How do individuals create a knowledge base over a lifetime? Charles Darwin left detailed records of every book he read from The Voyage of the Beagle to just after publication of The Origin of Species. Additionally, he left copies of his drafts before publication. I use these records to build a case study of how reading and writing interact to create conceptual novelties, such as the theory of natural selection and modification by descent. The model is extended to cover entire disciplines by bootstrapping reading and writing histories from bibliographies in scientific publications, scaling the model to address the question of how we move from an individual psychology to society?
There are two central components from cognitive science that impact the proposed models. The first is bounded cognition. People have limited attention, and that attention is further limited by an individual’s information processing ability.
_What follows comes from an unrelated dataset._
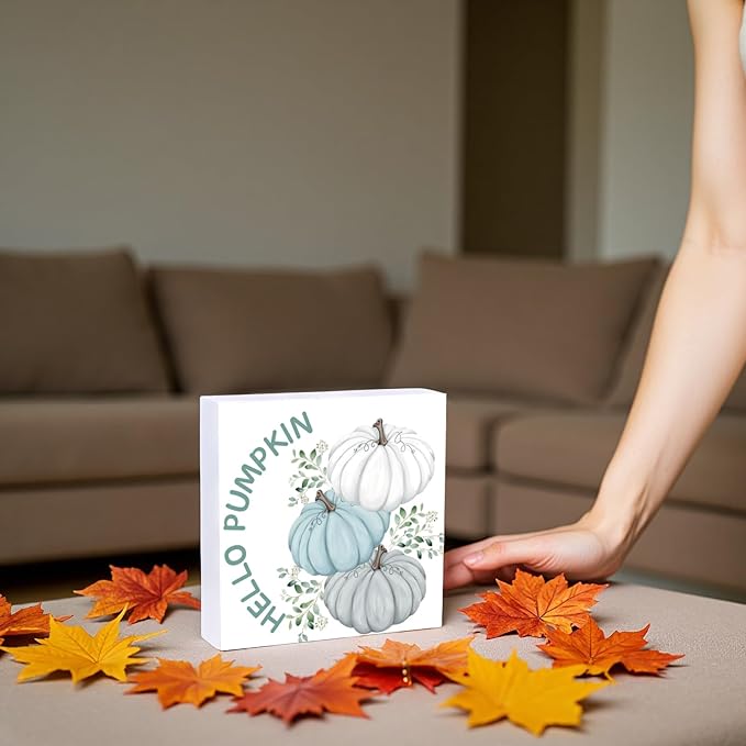Fall Decorations for Home Fall Decor Home Room Hello Pumpkin Table Wood Box Sign Rustic Wooden Shelf Desk Office Decor Season Sign House Warming Gifts 5.9 x 5.9 Inch
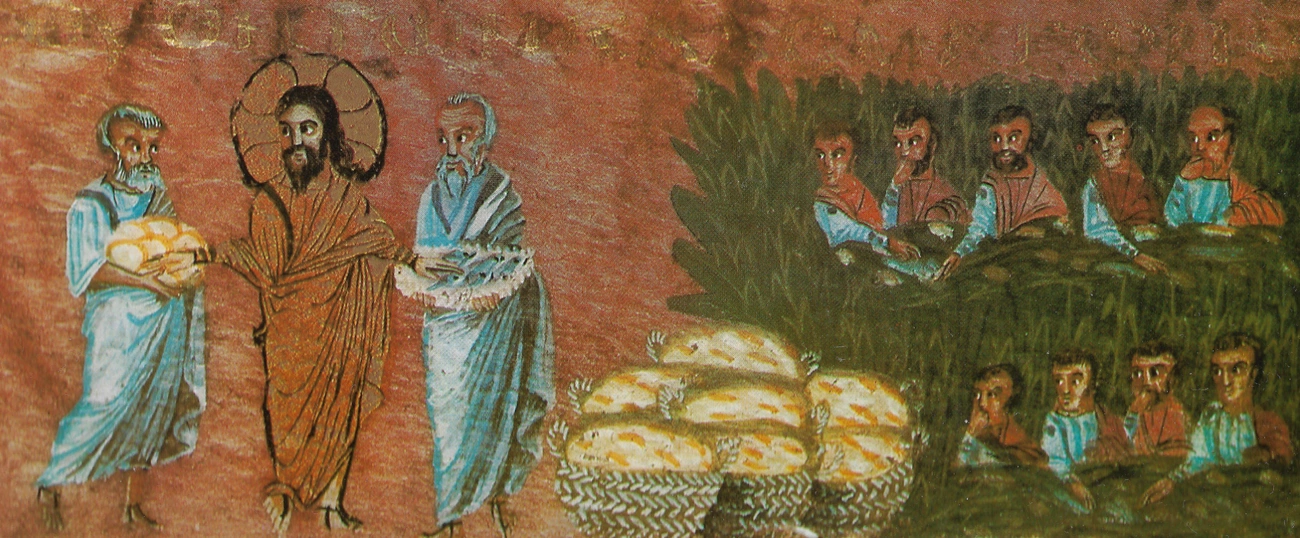 (Jezus) rzekł do Filipa: «Skąd kupimy chleba, aby oni się posilili?» A mówił to wystawiając go na próbę. Wiedział bowiem, co miał czynić. Odpowiedział Mu Filip: «Za dwieście denarów nie wystarczy chleba, aby każdy z nich mógł choć trochę otrzymać». Jeden z uczniów Jego, Andrzej, brat Szymona Piotra, rzekł do Niego: «Jest tu jeden chłopiec, który ma pięć chlebów jęczmiennych i dwie ryby, lecz cóż to jest dla tak wielu?» Jezus zatem rzekł: «Każcie ludziom usiąść!» A w miejscu tym było wiele trawy. Usiedli więc mężczyźni, a liczba ich dochodziła do pięciu tysięcy. Jezus, więc wziął chleby i odmówiwszy dziękczynienie, rozdał siedzącym; podobnie uczynił z rybami, rozdając tyle, ile kto chciał. A gdy się nasycili, rzekł do uczniów: «Zbierzcie pozostałe ułomki, aby nic nie zginęło». Zebrali więc i ułomkami z pięciu chlebów jęczmiennych, które zostały po spożywających, napełnili dwanaście koszów.

Information foraging is a framework for managing the trade-off between exploration of new information and exploitation of existing knowledge when searching for information. Most existing work on information foraging and bounded cognition examine short-term information foraging problems, such as formulating web search queries in a laboratory setting with a known information goal. Through the case study of Charles Darwin, we use real-world datasets to explore this problem at a timescale of decades with unknown information goals.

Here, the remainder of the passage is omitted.